_About this exercise_
The reply should repeat all of the data word for word, with no pictures.

_Given data_

━━━

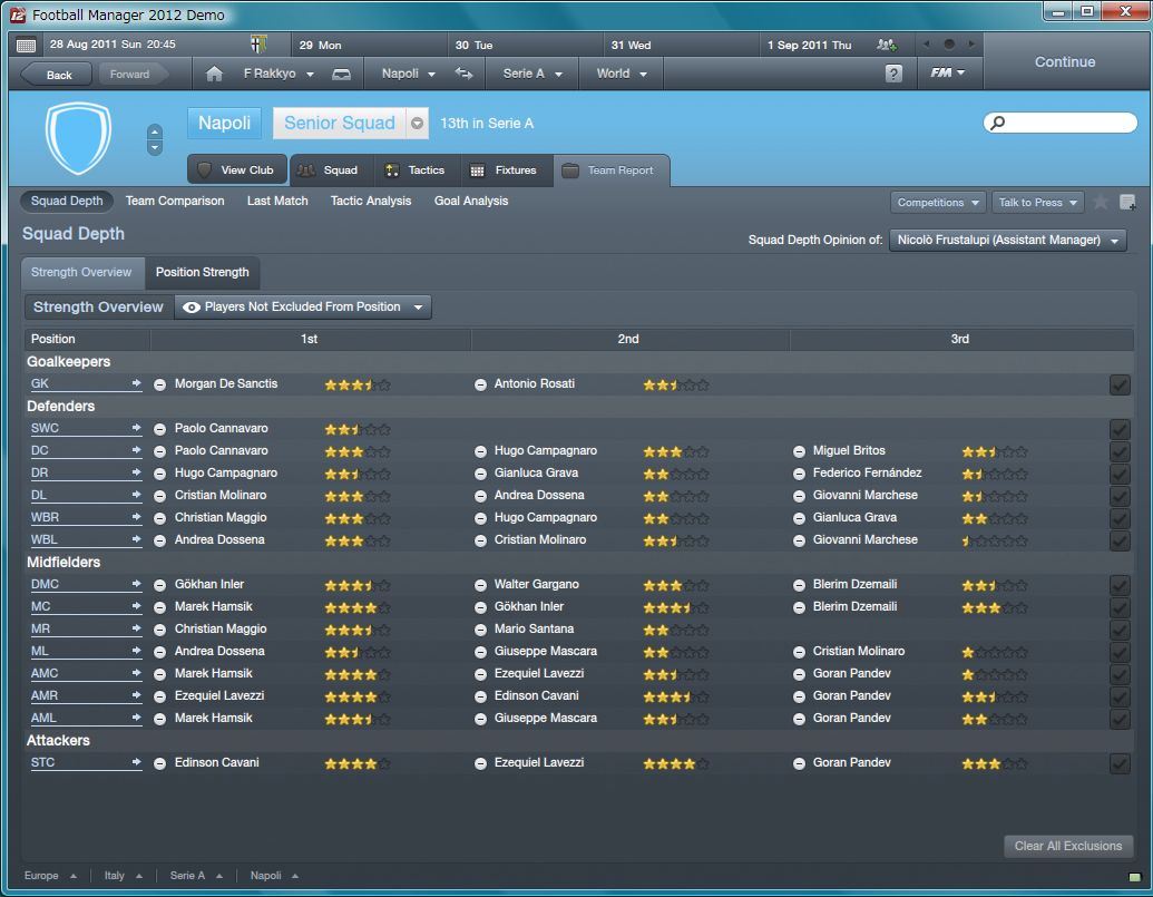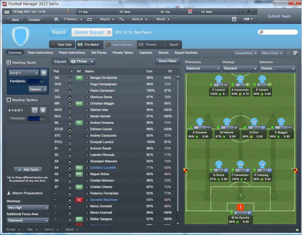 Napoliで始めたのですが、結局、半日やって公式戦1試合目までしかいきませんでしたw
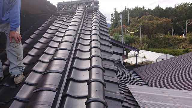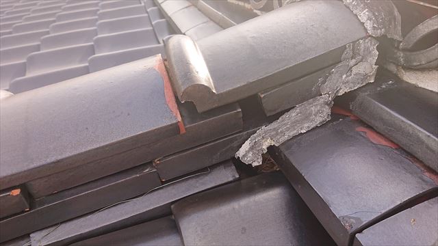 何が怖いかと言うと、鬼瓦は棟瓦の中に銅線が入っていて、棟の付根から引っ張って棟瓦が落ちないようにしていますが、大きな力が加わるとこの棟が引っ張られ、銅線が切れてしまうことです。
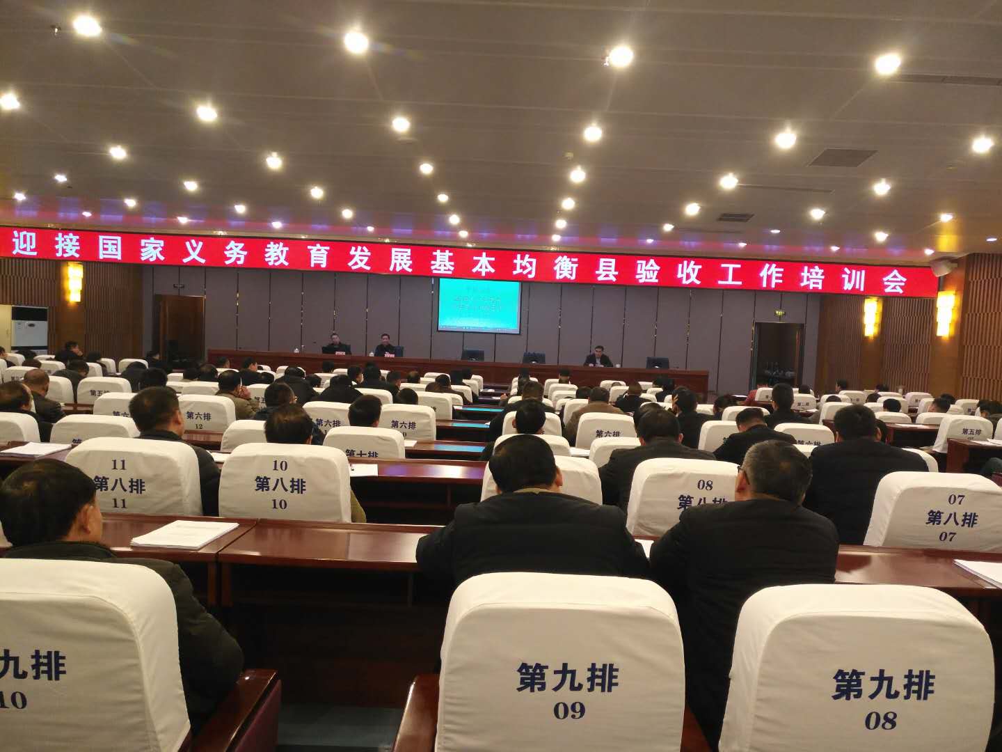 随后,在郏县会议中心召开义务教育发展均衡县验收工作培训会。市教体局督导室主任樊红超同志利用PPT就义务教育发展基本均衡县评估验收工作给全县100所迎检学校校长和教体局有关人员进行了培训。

━━━

_Solution for this task_
 Napoliで始めたのですが、結局、半日やって公式戦1試合目までしかいきませんでしたw
 何が怖いかと言うと、鬼瓦は棟瓦の中に銅線が入っていて、棟の付根から引っ張って棟瓦が落ちないようにしていますが、大きな力が加わるとこの棟が引っ張られ、銅線が切れてしまうことです。
 随后,在郏县会议中心召开义务教育发展均衡县验收工作培训会。市教体局督导室主任樊红超同志利用PPT就义务教育发展基本均衡县评估验收工作给全县100所迎检学校校长和教体局有关人员进行了培训。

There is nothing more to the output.